FIG. 6 is an explanatory view of a state in which the top surface line t is higher than the top surface line T, and shows a case in which the cast diameter is formed to be slightly smaller than the cast diameter obtained in FIG.
That is, the wire 1 that has passed through the large cast forming roller 5
is given a large cast diameter by the roller 5, but then undergoes plastic deformation in the direction of returning the cast by the small cast forming roller 6a that comes into rotational contact, so that the cast diameter formed by the roller 5 becomes the large cast diameter. The cast diameter is corrected to the side, and the cast diameter is eventually formed to be approximately intermediate. Furthermore, wire 1 in Fig. 6
Since the second contact length (QH) is shorter than the contact length (SR) with the small cast forming roller 6a in the case of FIG. 4, the amount of correction of the cast diameter is smaller than in the case of FIG. The influence of the large cast that formed before that remains and it remains as an intermediate cast.

In this way, the present invention is configured to form a small cast diameter and a large cast diameter using two cast forming rollers, and to freely change the wire running route, so that the initially given cast diameter and the later contact This can be corrected by using a cast forming roller that
It has become possible to freely provide a cast diameter ranging from a considerably large cast diameter to a considerably small cast diameter.

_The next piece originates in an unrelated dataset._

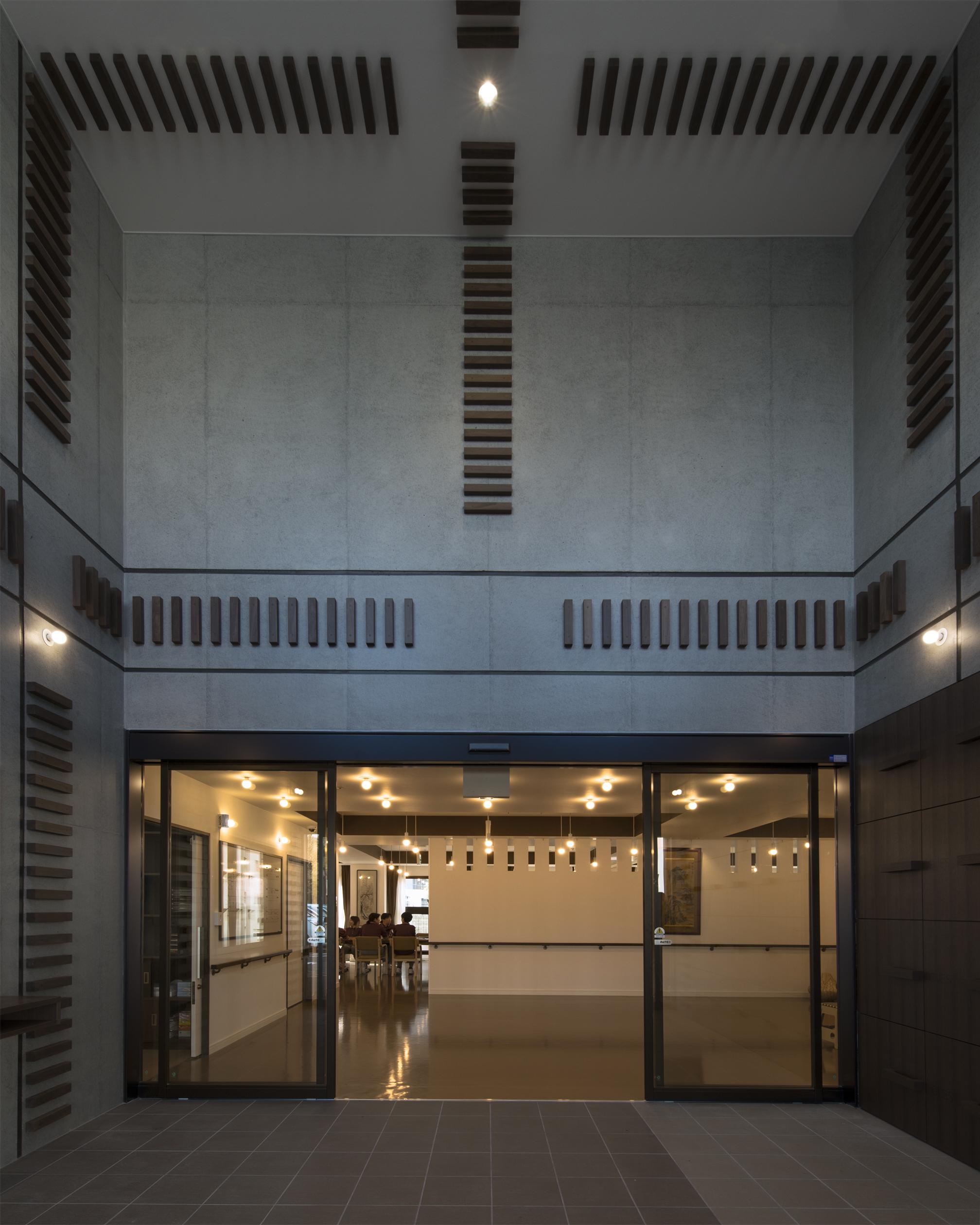 (c) Tetsuya Yashiro 내부 디자인은 차분하면서도 따뜻한 분위기를 조성하기 위해 흰색과 갈색 톤을 중심으로 구성되었다. 입구 홀에는 외관 파사드에 적용된 줄무늬 패턴을 목재 소재로 재해석해 적용함으로써, 실내외 디자인의 연속성과 완성도를 높였다. 일반적으로 요양시설에서는 관리 효율을 고려해 비닐 소재가 주로 사용되지만, 이 시설은 난간과 손잡이에 목재를 적용해 입주자들이 자연 소재가 주는 온기와 안정감을 일상적으로 느낄 수 있도록 배려했다.

Therefore, the first layer winding section A and the outermost layer winding section C can supply wire with a small cast diameter to eliminate phenomena such as poor winding and spring back, and are each optimal for the middle layer winding section. By providing a cast diameter of , it became possible to smoothly unwind the wire during welding.

[Brief explanation of the drawing]

Fig. 1 is a partially cutaway side view showing a wire wound around a wire spool, Figs. 2 and 3 are explanatory diagrams showing the wire running situation on a conventional cast forming roller, and Figs. 4, 5, and 6 are views of the present invention. FIG. 1...wire, 2...wire spool, 3...winding drum,
4... Cast forming roller, 5... Large cast forming roller, 6... Auxiliary roller, 6a... Small cast forming roller, 7... Wire supply point.

Claims (1)

[Claims] 1. In a method of winding a wire by giving it a desired winding pattern while running the wire along the circumferential surface of a cast forming roller, a large cast forming roller is fixedly arranged, and the wire feeding point to the roller and the A small cast forming roller that can be displaced so as to cross the wire running trajectory from the supply point to the large cast forming roller is arranged between the starting points of wire contact with the rollers, and when reducing the cast diameter, a small cast forming roller is arranged. Move the roller to the wire supply point side and run the wire along the large cast forming roller, then turn the small cast forming roller to feed the wire in the winding direction to increase the cast diameter. is displaced in the winding direction side so as to cross the traveling locus to shorten the length of circumferential contact between the wire and the small cast forming roller after it has passed around the large cast forming roller. How to wind the wire.